CRAFT / Jeudi 12 Juillet à 10:15:: Salle INM200
Facilitating Reliable Content Analysis of Corpus Data withAutomatic and Semi-automatic Text Classification Technology:
AbstractIn this talk I introduce the objectives of the TagHelper project, which
is an applied research project exploring the application of text
classification technology to support corpus coding for behavioral research.

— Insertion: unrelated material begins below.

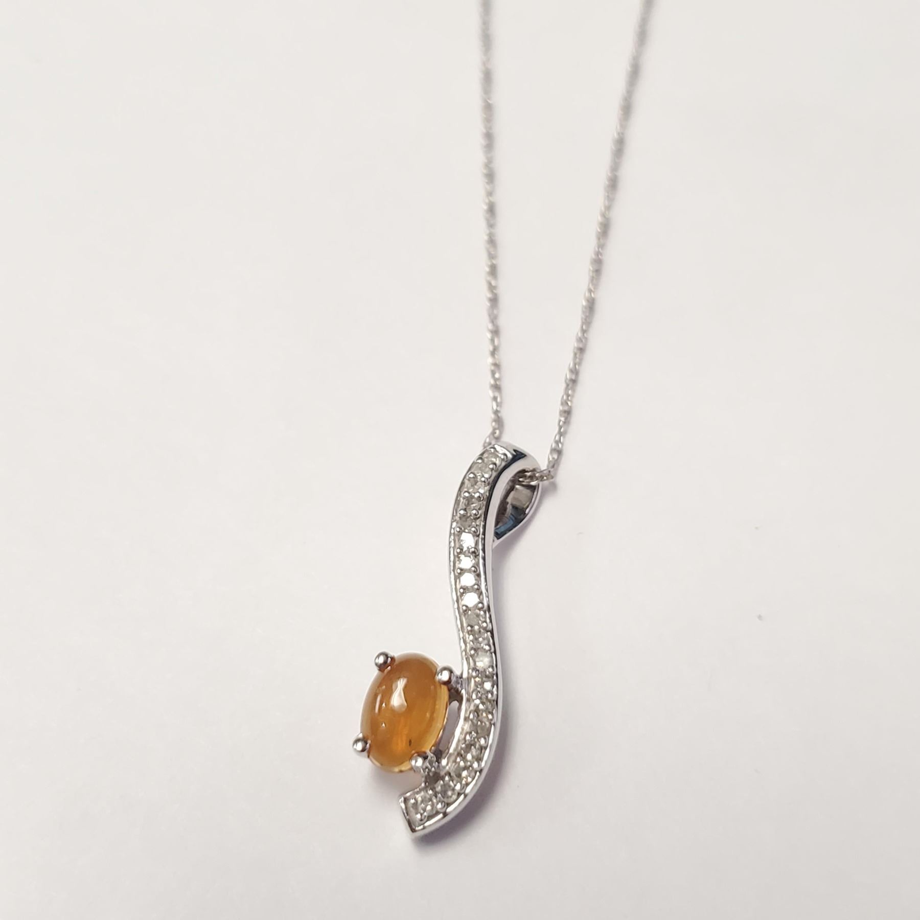 10K WHITE GOLD OPAL(0.5CT) DIAMOND(0.2CT) NECKLACE WEIGHT 1.53G, MADE IN CANADA, APPRAISED RETAIL $1235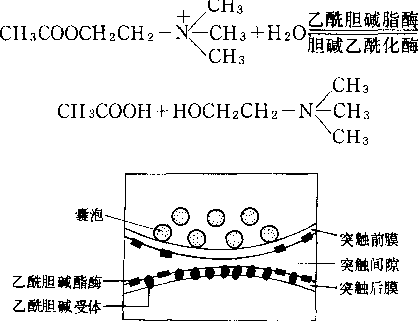 某些神经元的特定区域能自发地产生周期性的兴奋,如气管系统的通风运动就是由神经节内某些神经元自发的神经活动引起。 突触传递 突触是神经元之间、神经元与感受器或效应器之间的接触区域。突触前神经元的轴突末梢反复分枝,最后的小分枝末端膨大,与突触后神经元的小分枝形成了突触。一个神经元可有多达数千个突触,其形态和功能各异,为神经系统的整合和协调活动提供了基础。突触处的膜较其余部分的膜稍厚,分别称为突触前膜和突触后膜,二者之间称为突触间隙,由此传递神经元之间的兴奋。突触传递多为化学传递,且为单向性,只能由前膜传向后膜。传递引起的膜电位称作突触后电位,由于神经递质的性质不同,引起的突触后电位也不同。当突触前膜释放的神经递质引起突触后膜去极化时,产生兴奋性突触后电位。 昆虫神经系统中含有大量的乙酰胆碱和乙酰胆碱酯酶。乙酰胆碱可能是昆虫中枢神经系统中主要的神经递质,存在于突触前膜内的小囊中,当兴奋传递到突触前膜时,引起膜的去极化,小囊因与膜碰撞而破裂,将乙酰胆碱释放到突触间隙,并迅速通过间隙与突触后膜上的特殊位点(受体)结合,引起突触后膜的去极化,当局部电位达到阈值时,形成动作电位。乙酰胆碱瞬即被膜上的乙酰胆碱酯酶水解,水解产物为突触前膜吸收,在胆碱乙酰化酶的作用下再合成乙酰胆碱,贮于小囊内,为下一兴奋传递准备条件(图4 )。昆虫神经系统中还有其他神经递质,如肾上腺素,5-羟色胺,多巴胺等。当突触前膜释放的神经递质引起突触后膜超极化时,产生抑制性突触后电位。r-氨基丁酸可能即是此类递质。神经和肌肉接点处的兴奋性递质不是乙酰胆碱,部分昆虫中已证明是谷氨酸。

A wide range of behavioral researchers including social scientists,
psychologists, learning scientists, and education researchers collect, code,
and analyze large quantities of natural language corpus data as an important
part of their research. However, despite the availability of text
classification technology within the computational linguistics community,
none of the tools that are commonly used by behavioral researchers for their
coding efforts make use of it.
I will begin by giving an overview of the project in which I briefly
discuss alternative types of corpus coding we are experimenting with. We
then briefly discuss an evaluation of the bias introduced when corpus
analysts are exposed to imperfect coding predictions that must be
corrected. We evaluate this bias in terms of its impact on the speed,
reliability, and validity of coding. Finally, we present an in-depth
discussion of our work on automating the application of a
multi-dimensional process analysis used to analyze corpus data collected
from a series of investigations of the impact of collaboration scripts in
a computer supported collaborative learning setting (in collaboration with
KMRC, Tuebingen). The result of this work in progress is a suite of
techniques that can be used to automate 80%-100% of the coding on all 7
dimensions of this multi-dimensional coding scheme with an acceptable
level of reliability.
Bio Carolyn Rose is a Research Scientist with a 50/50 joint appointment
between the Language Technologies Institute and the Human-Computer
Interaction Institute at Carnegie Mellon University. She earned her PhD
in Language and Information Technologies from Carnegie Mellon in 1997.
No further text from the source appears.